We are the keepers of buildings that no longer exist. When the hoarding goes up and the ball is hung, word reaches the Society the way water reaches a cellar: quietly, from below, through members in the demolition trades who love what they are paid to destroy. We go where the notice sends us. We stand at the fence with calipers and a field book, and we count what is about to be uncountable.
We do not photograph. Photography flatters light and forgives proportion; a photograph of a nave is a postcard of a prayer. We measure. Bay by bay, rib by rib, sill by sill, we take a building's dimensions the way a tailor takes a friend's, for a garment to be worn in another life. Then we carve. Not in stone, which is heavy and can be condemned, but in type, which is weightless and cannot.

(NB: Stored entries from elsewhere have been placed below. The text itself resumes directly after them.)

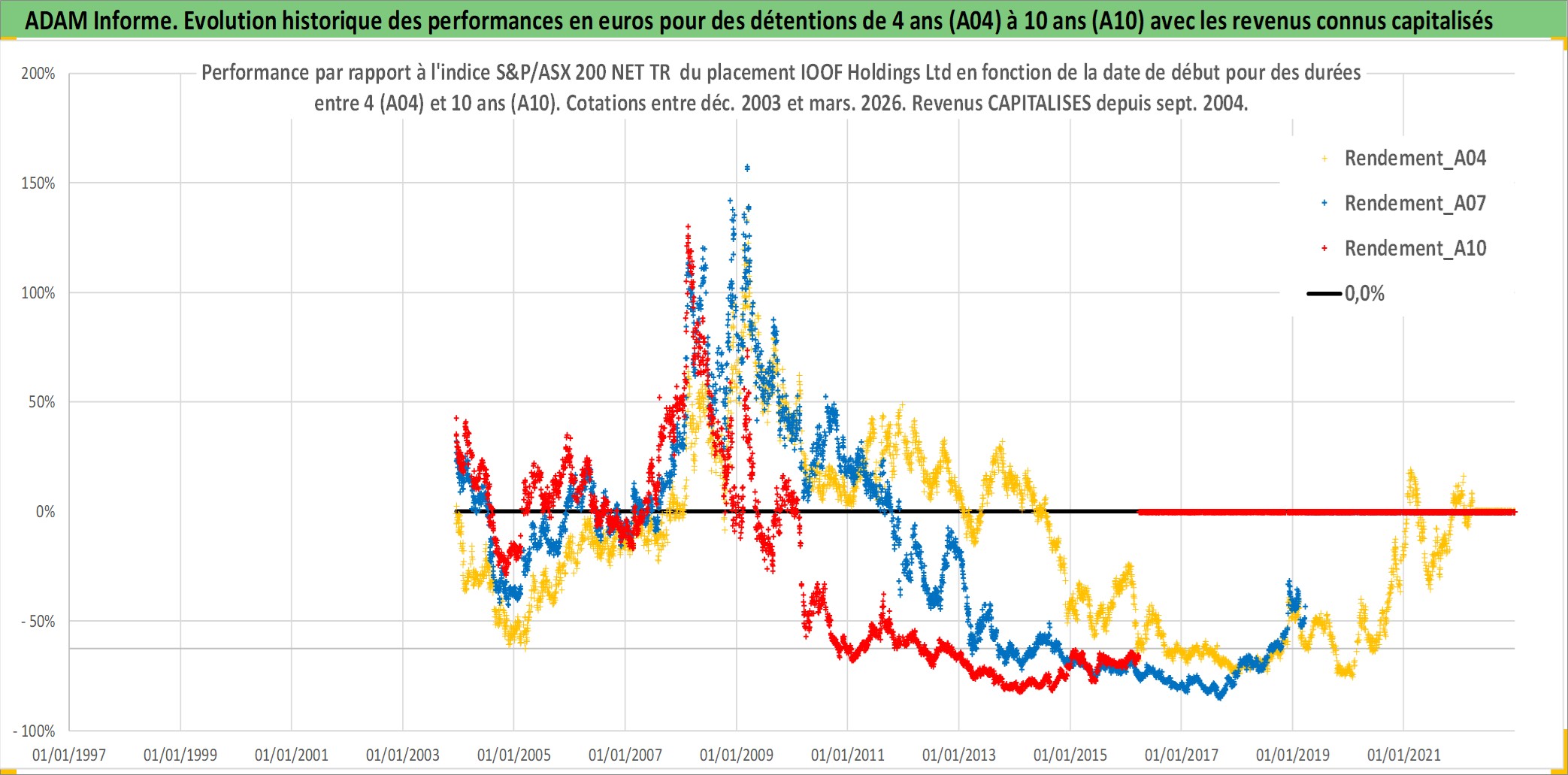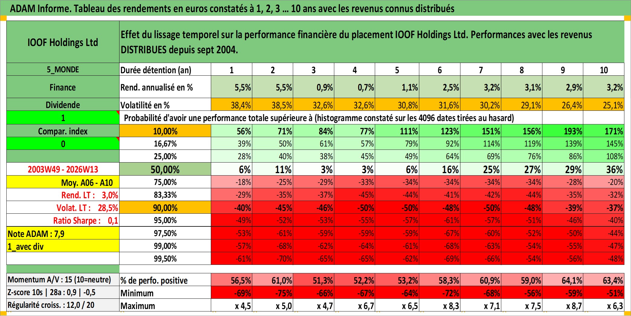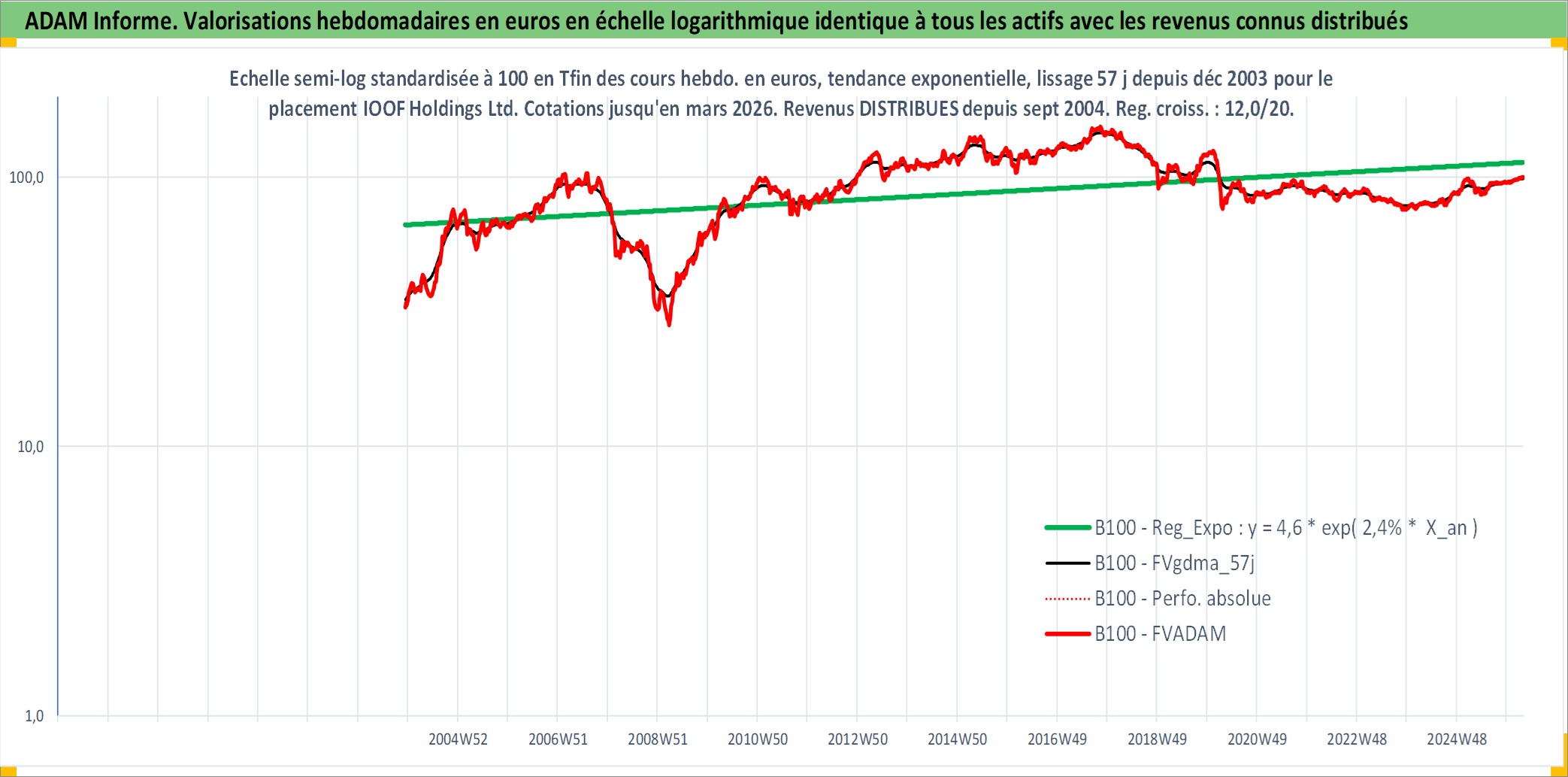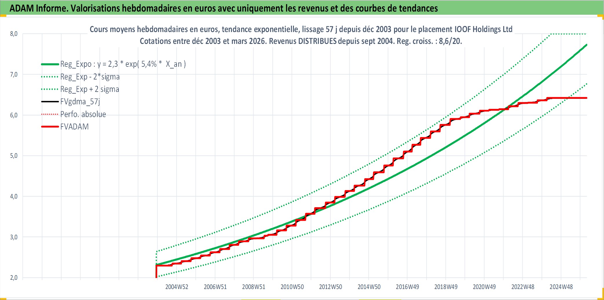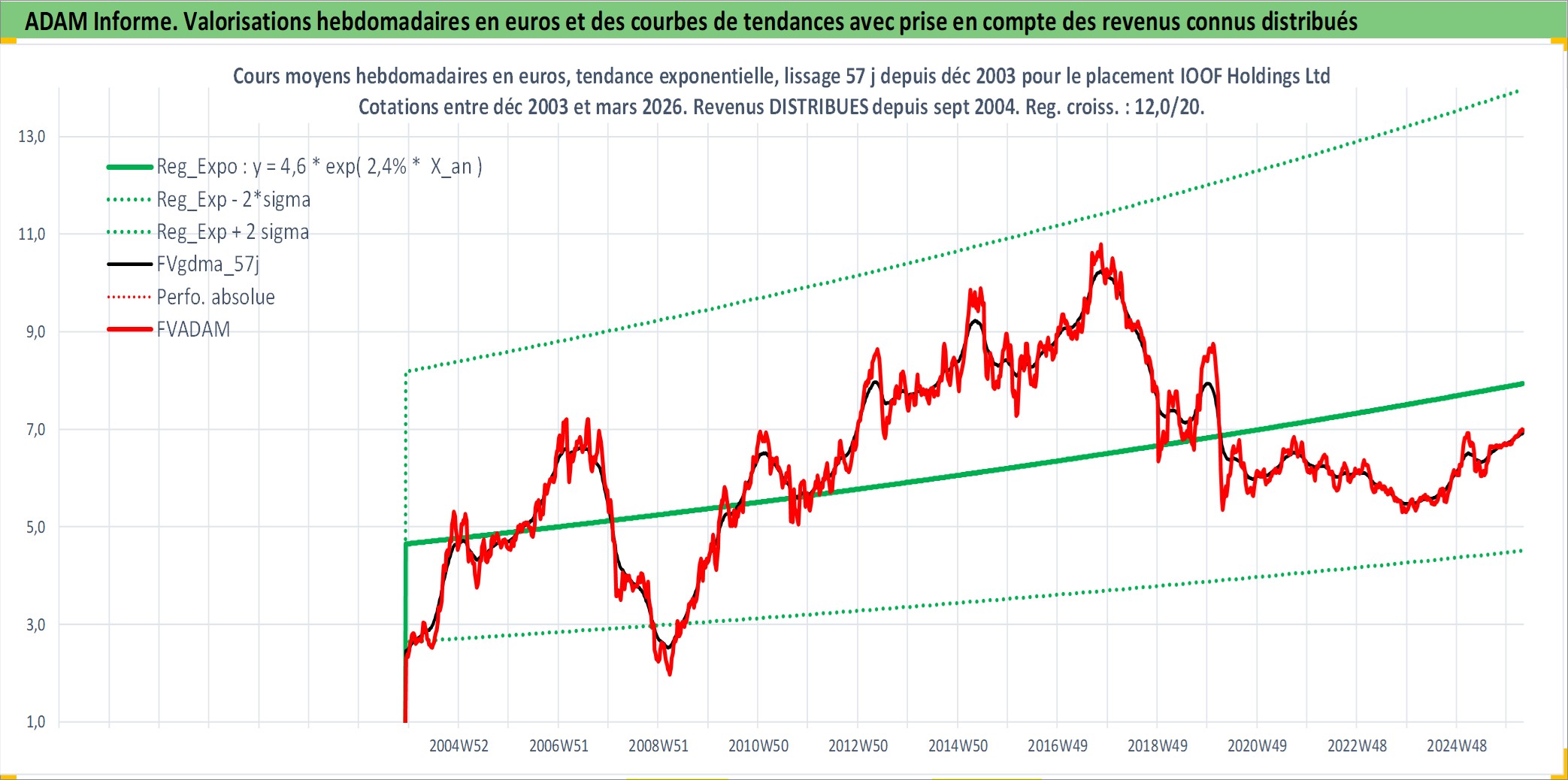 Site dédié aux investisseursPage dédiée sur site financeAnalyse des valorisations hebdomadaires de l'action IOOF Holdings Ltd. Cet actif est cote en AUD. Les valorisations sont en contrevaleur EURO et couvrent les semaines 2003W49 a 2026W13. Les revenus de cet actif financier sont pris en compte depuis la semaine 2004W40. La note ESG de cet actif n'est pas connue.
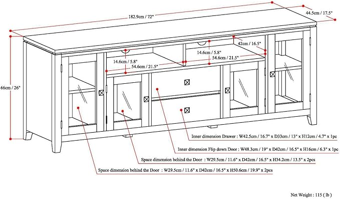 About This DIMENSIONS: 17.5" D x 72" W x 26" H SOLID WOOD: Handcrafted with care using the finest quality...
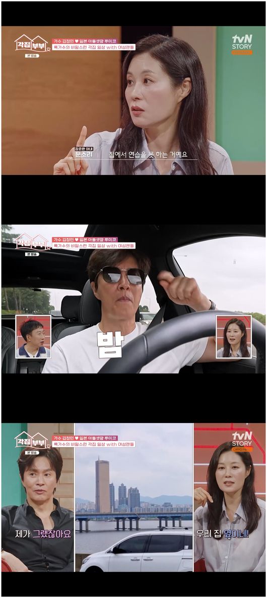 [OSEN=오세진기자]‘각집부부’김정민이문소리의새로운남사친후보로등극했다.4일첫방송한tvNSTORY‘각집부부’에서는기러기부부로살아가고있는김정민,루미코부부가공개됐다.김정민은“사실내가꿈꾸던결혼생활은아니다.기러기아빠는생각지도못했다”라며침울해했고,루미코는“첫째아들이랑둘째아들이축구를잘해서일본에서뛰게됐다.그래서일본에가게됐다.이렇게기러기생활이시작됐다”라고밝혔다.김정민은홀로살면서청소,운동,커피마시기,낮잠자기등소소한취미와생활을보냈다.그러면서도가족단체메시지방에틈틈이자신의일상을전했고,아들의경기를라이브영상으로전해보며안타까움을표현하기도했다.김정민은차를몰고나갔다.한강변이보이는아파트를본문소리는“김정민집이우리집옆이네?”라며이웃사촌이란점에반가워했다.김정민은차안에서노래연습겸드라이브를즐겼다.문소리는“저도저랬다.‘정년이’드라마를찍을때판소리연습을해야하는데,집에서너무크게노래를할수없어서나와서차안에서부르곤했다”라며공감했다.이에박명수는“문소리랑김정민이남사친여사친을하면되겠다”라며서로를친구로추천했다./[email protected][사진출처]tvNSTORY‘각집부부’Copyright©OSEN.무단전재및재배포금지.
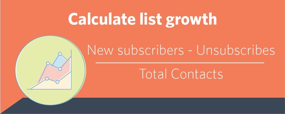 The list growth rate metric is used to measure the growth rate of your email subscription list. Since attrition is to be expected, you need to continuously grow your list by engaging existing subscribers and finding new subscribers. This KPI is calculated using an easy formula:

Each plate in this volume is an engraving whose burin is a glyph. Where the light stood thick, the page stays paper. Where shadow pooled behind a pier or gathered under a vault, the ink accumulates, mark upon mark, until the dark has the exact weight the survey gave it. A building rendered this way cannot burn, cannot be sold, and fits in a pocket.
Saint Alberic's came down in the spring of 1954 to widen a road that was itself abandoned in 1961. The organ was sold on a Tuesday; by Friday the nave stood open to the rain, and the wrecking crew, to their credit, worked with their hats off. Our surveyors were on the scaffold until the last morning. What they carried down is what you are walking through now.